«Conforme avanzaba el día y la luz azulada del amanecer tomaba los tintes rosados y calientes de la mañana, aumentaba en las calles el ronquido estrepitoso de los tambores, el toque de cornetas y las marciales marchas de las músicas, como si un ejército invadiese el Cabañal.
Las collas se habían reunido, y en filas de a cuatro marchaban tiesos, solemnes y admirados como vencedores. Iban a la casa de sus capitanes para recoger las banderas que ondeaban en el tejado, fúnebres estandartes de terciopelo negro que ostentaban bordados los horripilantes atributos de la Pasión.
El Retor era por herencia capitán de los judíos, y todavía de noche saltó de la cama para embutirse en el hermoso traje guardado en el arcón durante el resto del año y considerado por toda la familia como el tesoro de la casa.
¡Válgale Dios y qué angustias pasaba el pobre Retor, cada año más rechoncho y fornido, para embutirse en la apretada malla de algodón!
Su mujer, en ropas menores, al aire la exuberante pechuga, zarandeábale tirando de un lado, apretando por otro, para ajustar dentro del mallón las cortas piernas y el vientre de su Retor, mientras que Pascualet, sentado en la cama, miraba con asombro a su padre, como si no le reconociera con aquel casco de indio bravo erizado de plumajes y el terrible sable de caballería que al menor movimiento chocaba contra los muebles y rincones, produciendo un estrépito de mil diablos.

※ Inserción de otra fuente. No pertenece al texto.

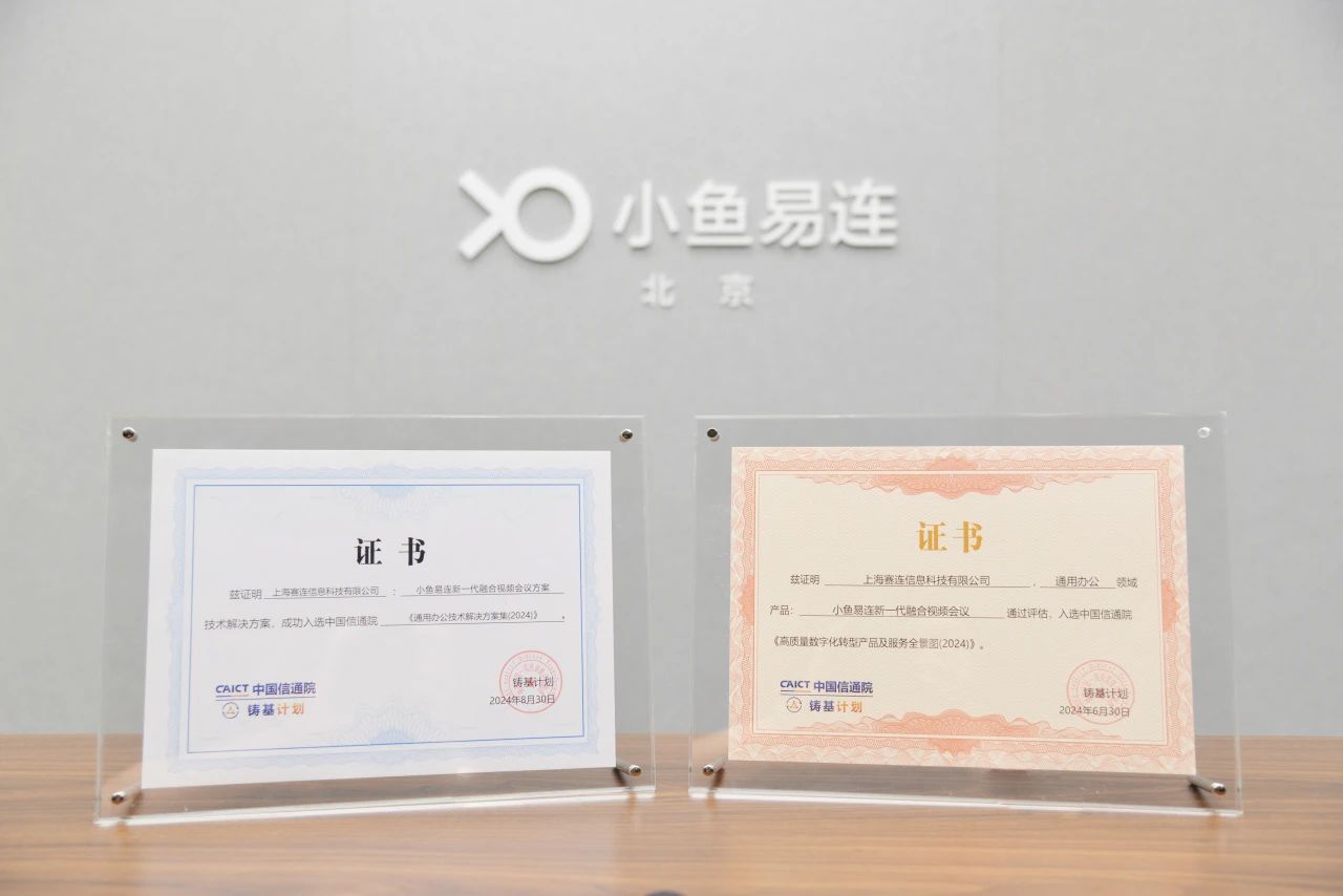 小鱼易连凭借新一代融合视频会议的技术领先性和应用创新性,成功入围数字化转型全景图、技术解决方案集,获双项荣誉证书,充分彰显小鱼易连在推动数字化转型方面的卓越实力和领先地位,为行业树立新标杆、开启新引领。

Por fin terminó el penoso tocado. Algo mal estaba, pero ya era hora de acabar. Las ropas interiores, arrolladas por la opresión de la malla, apelotonábanse, y las piernas del judío parecían plagadas de tumores; apretábale el vientre el maldito calzón hasta hacerle palidecer; la celada, por exceso de engrase, le caía sobre el rostro, lastimándole la nariz; pero ¡la dignidad ante todo! y tirando del sablote e imitando con voz sonora el redoble del tambor, púsose a dar majestuosas zancadas por la habitación, como si su hijo fuese un príncipe á quien hacía guardia.
Dolores le miraba con sus ojos dorados y misteriosos ir de un lado a otro como un oso enjaulado. Tentábanla a la risa las piernas tortuosas; pero no; mejor estaba vestido así que cuando volvía a casa por la noche con el traje alquitranado y el aire de una bestia abrumada por el cansancio».